John W. Golden

John W. Golden

Born in 1967, John Golden is the son of a watercolorist mother and a folk singer / storyteller father. He loved to draw from an early age, and for that reason, his school work often suffered.

When John was 10 years old, his mother opened a gallery to show and sell her watercolors. John spent half of his afternoons in the back room of the gallery, building model buildings out of scrap mat board and the other half wandering the historic city around the gallery. Many historic but decrepit buildings had recently been torn down, so the area was full of scrap materials, found relics and textures, and John developed a love for the unintentional design that exists in urban environments.

Shortly after the gallery opened John began to work in linoleum block printing, and sold his artwork in his mother’s gallery. The success of those prints, and an interest in regional history led John to create a series of hand-tinted pen and ink reproductions of the North Carolina Lighthouses. He spent a major part of his teen years hand tinting lighthouses until his art took a different direction in high school, where he discovered his love of Photography.

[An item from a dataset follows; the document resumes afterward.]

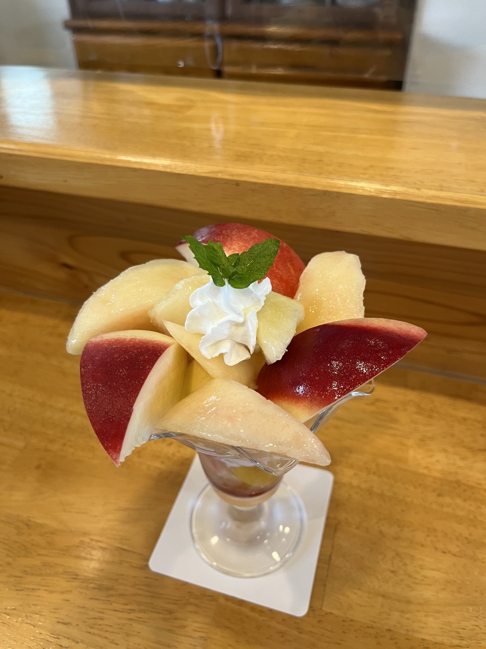 昨年に続いて、年に一度の桃パフェを食べるために、予約して伺いました。平日に予約を入れたのですが、なかなかの混みようでした。

After completing his college degree in Graphic Design, there was a new development in the field – the introduction of desktop computers. A summer job as Building Monitor in the art department afforded access to the computer lab. He taught himself how to use the Apple Macintosh and the few programs that were available then, and then went out into the professional world of Graphic Design.

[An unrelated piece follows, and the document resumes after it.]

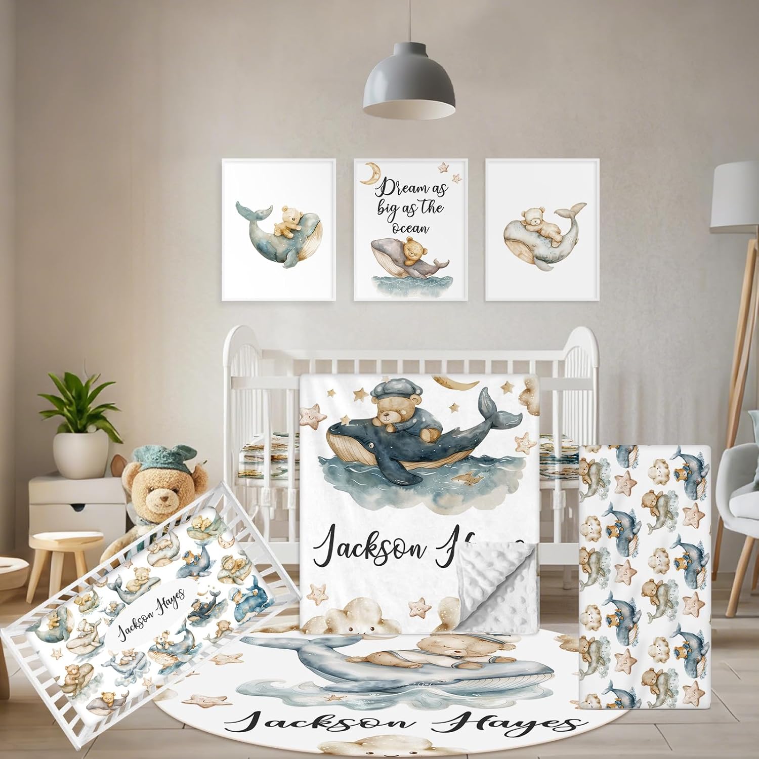 - Complete Set: This customized baby bedding set includes a double layer dotted backing blanket, crib sheet, changing pad cover, baby rug and wall arts, designed to add style and comfort to your nursery. The dotted backing of the double-layer blanket will be adored by your little one.

A sideline in freelance illustration took John out of the in-house corporate world and into the world of broadcast design. He was given the opportunity to design, illustrate and animate on projects for clients like Cartoon Network and Nickelodeon. The labor intensive process and the high standards to which his work was held pushed John to develop his art even further, and also to strike out on his own.

The move into the freelance world also meant a move back to his hometown and his family’s gallery. John needed a way to get his art out of the computer and into the hands of his patrons. Fortunately, archival printing from the desktop soon became available, and John was an early adopter of the growing process.

John now works in the Golden Gallery, creating his digital illustration full-time. Somehow, he manages to squeeze some digital photography in there as well. He is back to spending his afternoons in the places he loves.